**SOURCE MATERIAL:**
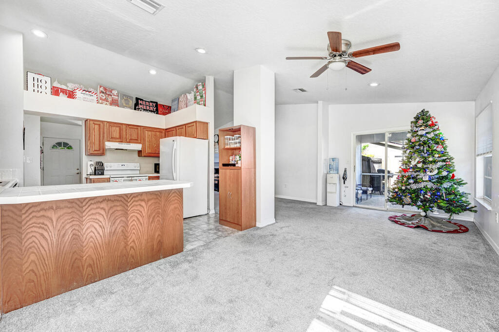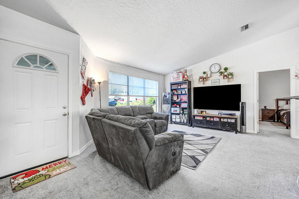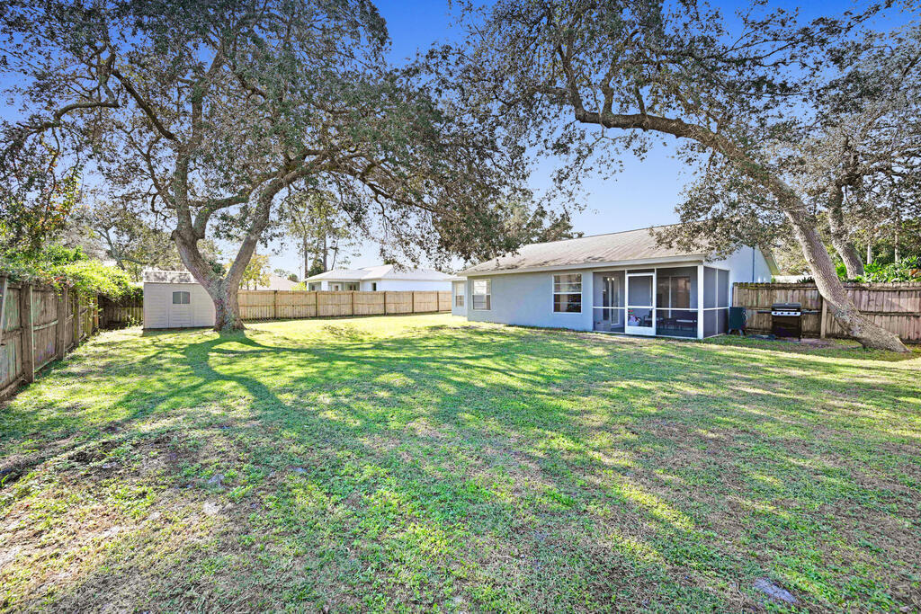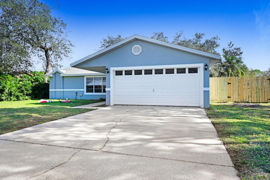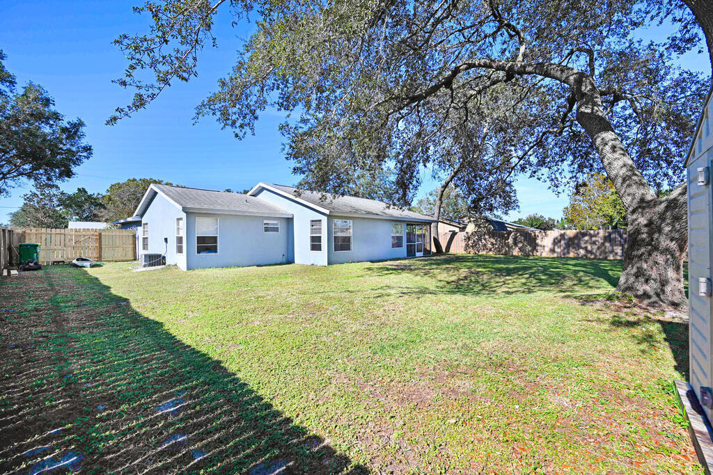 Welcome to your new home! This charming residence features 3 bedrooms, 2 bathrooms, and a host of desirable amenities. The spacious interior boasts vaulted ceilings, creating an airy and open atmosphere. The heart of the home is the kitchen, complete with a convenient breakfast bar for casual dining. The master bedroom is a true retreat with its own private shower, large walk-in closet, and double sinks. The split bedroom plan ensures privacy and comfort for everyone in the household. Indoor laundry room for added conveneince, 2 car garage for ample parking and storage, fully fenced in backyard with shed for extra storage! Upgraded with a newer roof, septic, and drainfield for peace of mind! This home offers easy access to shopping, Kennedy Space center, Orlando airport and attractions.
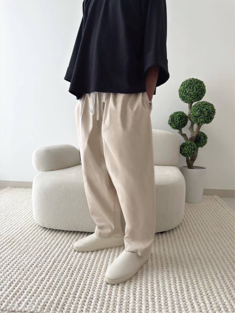 At the core of NUWAE’s design language is restraint guided by function. Clean lines, minimal visible seam work, and relaxed proportions define each collection, alongside recurring kimono-inspired silhouettes across T-shirts and outerwear, and loose-fitting trousers designed for comfort and movement. Rather than relying on overt branding or embellishment, the focus remains on how garments sit on the body, how they move, and how they perform over time.
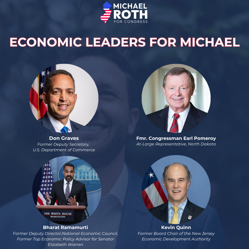 Michael Roth for Congress Launches Economic Leaders for Michael with Endorsements from Senior White House, Congressional, Commerce Department, and New Jersey Economic Leaders
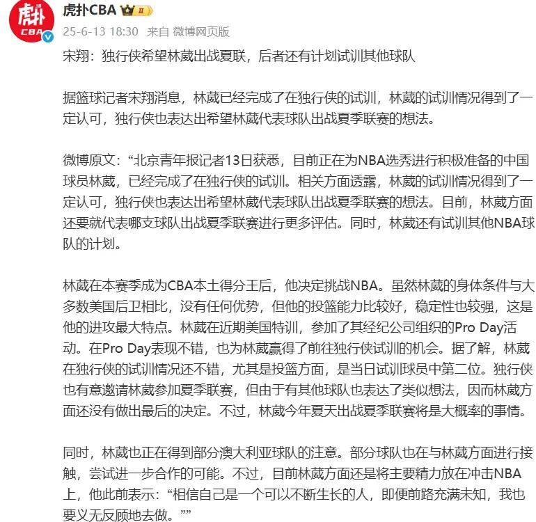 不仅独行侠,其他NBA球队也有着邀请林葳征战夏联的兴趣,于是他需进一步进行综合考虑后才能做出最终决定。
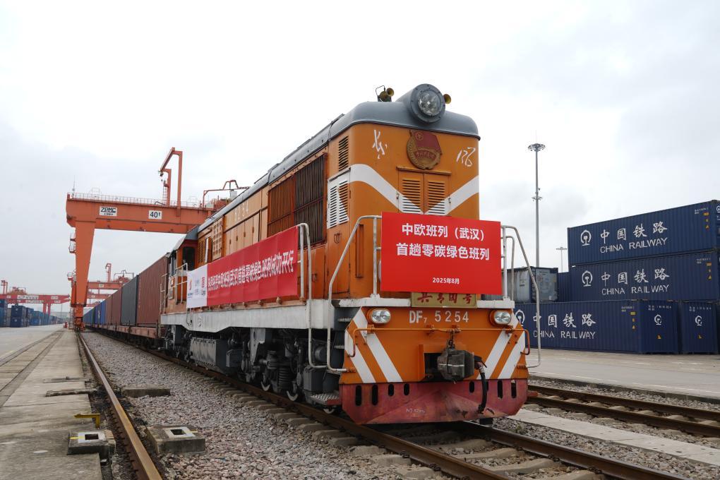 编组55辆、装载着汽车零配件等货物的75063次列车8月13日10时45分从中国铁路武汉局集团有限公司吴家山站开出,作为中欧班列(武汉)开出的首趟零碳绿色班列,其将经阿拉山口出境,最终抵达德国杜伊斯堡。
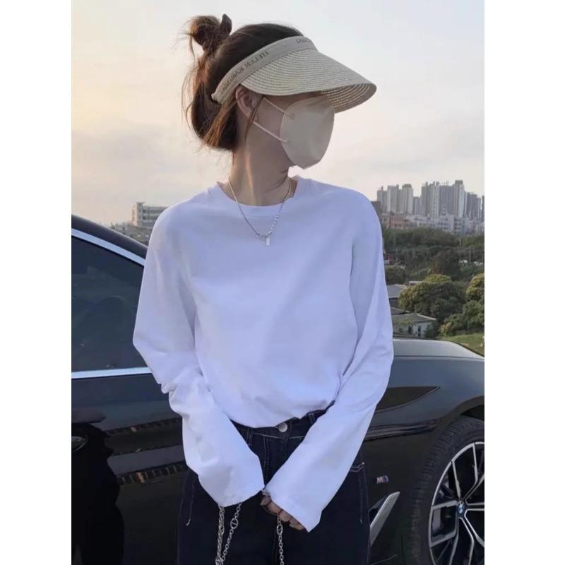 Pure cotton simple and versatile top women's spring German velvet warm long-sleeved T-shirt with basic bottoming shirt tide
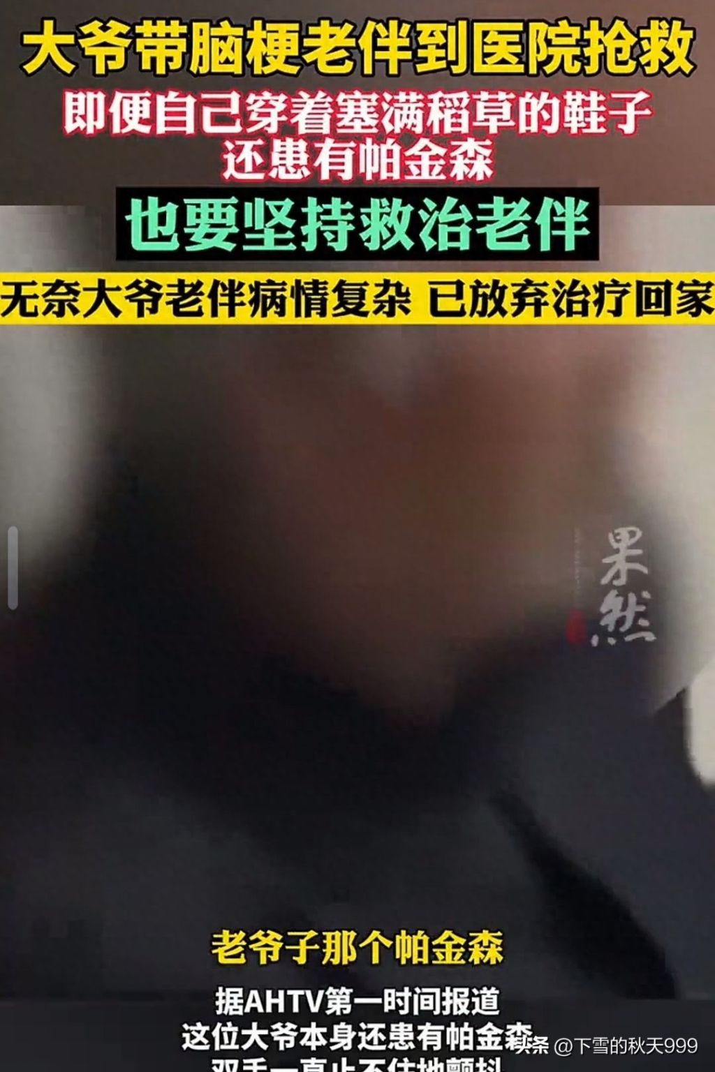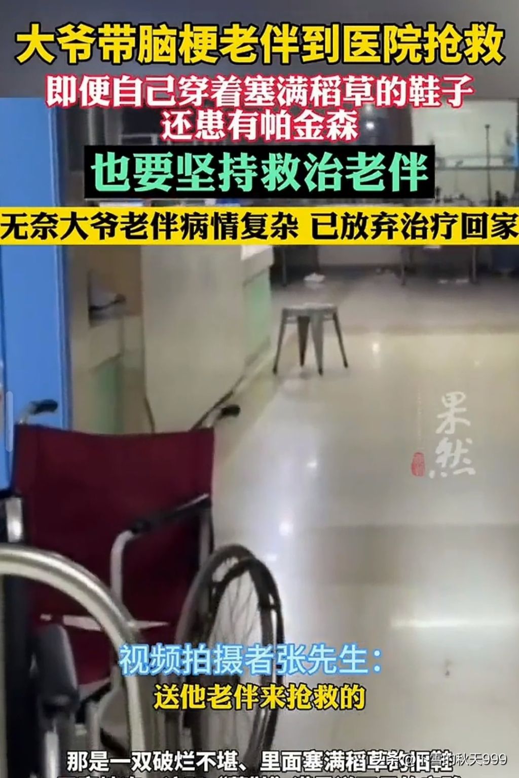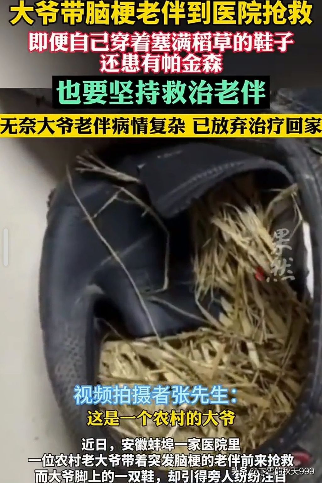 近日,安微蚌埠的一家医院内,一名年近80的老大爷脚穿着塞满稻草的鞋子,颤颤巍巍的到医院将自己突然中风到老伴送到医院里面治疗,大爷蹲在医院走廊里面无助的画面让人看了十分的心酸!
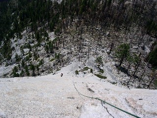 なんとか焼け残った立ち木の日陰で登攀準備。「FALCON GUIDE のRock Climbing Yosemite's Select」の92,93頁にスネークダイクのトポとルート写真が紹介されているが、はっきり言って写真は微妙に誤っている。また、今年、FALCON GUIDE からSUPER TOPO フリールート集が発刊されたが、こちらも旧版のパクリで、同様。
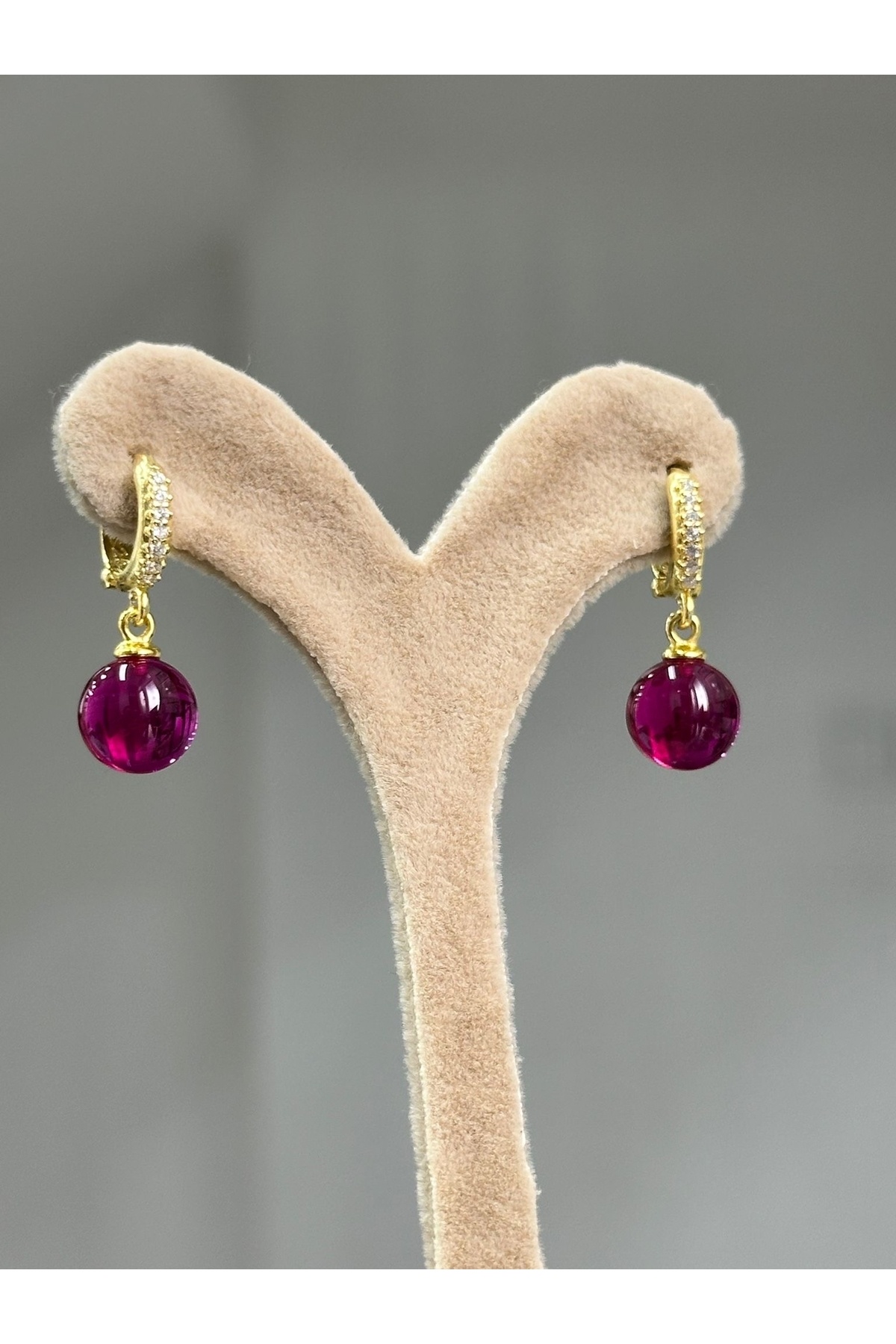 Yakut Taşlı Altın Kaplama Gümüş Küpe Yakut Taşlı Altın Kaplama Gümüş Küpe YKT44 تک سایز

**REQUIRED ACTION:** Write out the entries above in full and exactly; no pictures.

**EXERCISE RESULT:**
 Welcome to your new home! This charming residence features 3 bedrooms, 2 bathrooms, and a host of desirable amenities. The spacious interior boasts vaulted ceilings, creating an airy and open atmosphere. The heart of the home is the kitchen, complete with a convenient breakfast bar for casual dining. The master bedroom is a true retreat with its own private shower, large walk-in closet, and double sinks. The split bedroom plan ensures privacy and comfort for everyone in the household. Indoor laundry room for added conveneince, 2 car garage for ample parking and storage, fully fenced in backyard with shed for extra storage! Upgraded with a newer roof, septic, and drainfield for peace of mind! This home offers easy access to shopping, Kennedy Space center, Orlando airport and attractions.
 At the core of NUWAE’s design language is restraint guided by function. Clean lines, minimal visible seam work, and relaxed proportions define each collection, alongside recurring kimono-inspired silhouettes across T-shirts and outerwear, and loose-fitting trousers designed for comfort and movement. Rather than relying on overt branding or embellishment, the focus remains on how garments sit on the body, how they move, and how they perform over time.
 Michael Roth for Congress Launches Economic Leaders for Michael with Endorsements from Senior White House, Congressional, Commerce Department, and New Jersey Economic Leaders
 不仅独行侠,其他NBA球队也有着邀请林葳征战夏联的兴趣,于是他需进一步进行综合考虑后才能做出最终决定。
 编组55辆、装载着汽车零配件等货物的75063次列车8月13日10时45分从中国铁路武汉局集团有限公司吴家山站开出,作为中欧班列(武汉)开出的首趟零碳绿色班列,其将经阿拉山口出境,最终抵达德国杜伊斯堡。
 Pure cotton simple and versatile top women's spring German velvet warm long-sleeved T-shirt with basic bottoming shirt tide
 近日,安微蚌埠的一家医院内,一名年近80的老大爷脚穿着塞满稻草的鞋子,颤颤巍巍的到医院将自己突然中风到老伴送到医院里面治疗,大爷蹲在医院走廊里面无助的画面让人看了十分的心酸!
 なんとか焼け残った立ち木の日陰で登攀準備。「FALCON GUIDE のRock Climbing Yosemite's Select」の92,93頁にスネークダイクのトポとルート写真が紹介されているが、はっきり言って写真は微妙に誤っている。また、今年、FALCON GUIDE からSUPER TOPO フリールート集が発刊されたが、こちらも旧版のパクリで、同様。
 Yakut Taşlı Altın Kaplama Gümüş Küpe Yakut Taşlı Altın Kaplama Gümüş Küpe YKT44 تک سایز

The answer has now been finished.